Goal: Support OpenAI function calling and JSON mode so agents and LangChain work. Effort: ~4–5 days. Impact: Unlocks the agent/tool ecosystem.
OpenAI tool calling request:
{
"model": "Qwen3-4B",
"messages": [
{"role": "user", "content": "What's the weather in Paris?"}
],
"tools": [
{
"type": "function",
"function": {
"name": "get_weather",
"description": "Get current weather for a city",
"parameters": {
"type": "object",
"properties": {
"city": {"type": "string"}
},
"required": ["city"]
}
}
}
]
}Expected response:
{
"choices": [{
"message": {
"role": "assistant",
"content": null,
"tool_calls": [{
"id": "call_abc123",
"type": "function",
"function": {
"name": "get_weather",
"arguments": "{\"city\": \"Paris\"}"
}
}]
},
"finish_reason": "tool_calls"
}]
}Step 1: Prompt formatting.

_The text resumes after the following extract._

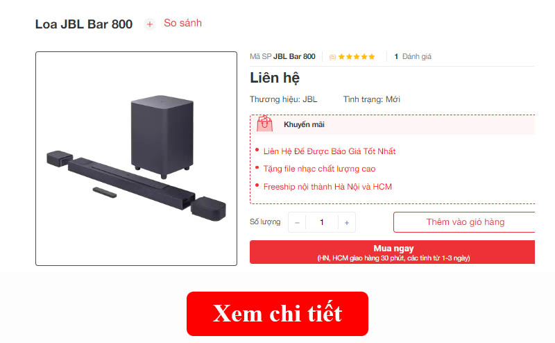 Loa JBL Bar 800 là một hệ thống âm thanh thanh mảnh, tích hợp nhiều công nghệ tiên tiến để mang lại trải nghiệm giải trí tại nhà hoàn hảo. Với thiết kế hiện đại và tinh tế, JBL Bar 800 không chỉ nâng cao vẻ đẹp cho không gian sống mà còn mang đến âm thanh sống động và mạnh mẽ. Hệ thống này hỗ trợ Dolby Atmos, giúp tạo ra âm thanh vòm 3D chân thực, và có khả năng kết nối không dây với các thiết bị khác, mang lại sự tiện lợi tối đa. Với công suất 720W và loa trầm không dây mạnh mẽ, JBL Bar 800 chắc chắn sẽ làm hài lòng những người yêu thích âm nhạc và điện ảnh.

Convert tools + messages into a prompt the model understands. Most instruct models (Qwen, Llama, Mistral) have specific chat templates for tool use that tokenizer.apply_chat_template already handles when tools= is passed.
# In _build_chat_prompt(), add tools support:
def _build_chat_prompt(messages, tools=None):
msgs = [{"role": m.role, "content": m.content} for m in messages]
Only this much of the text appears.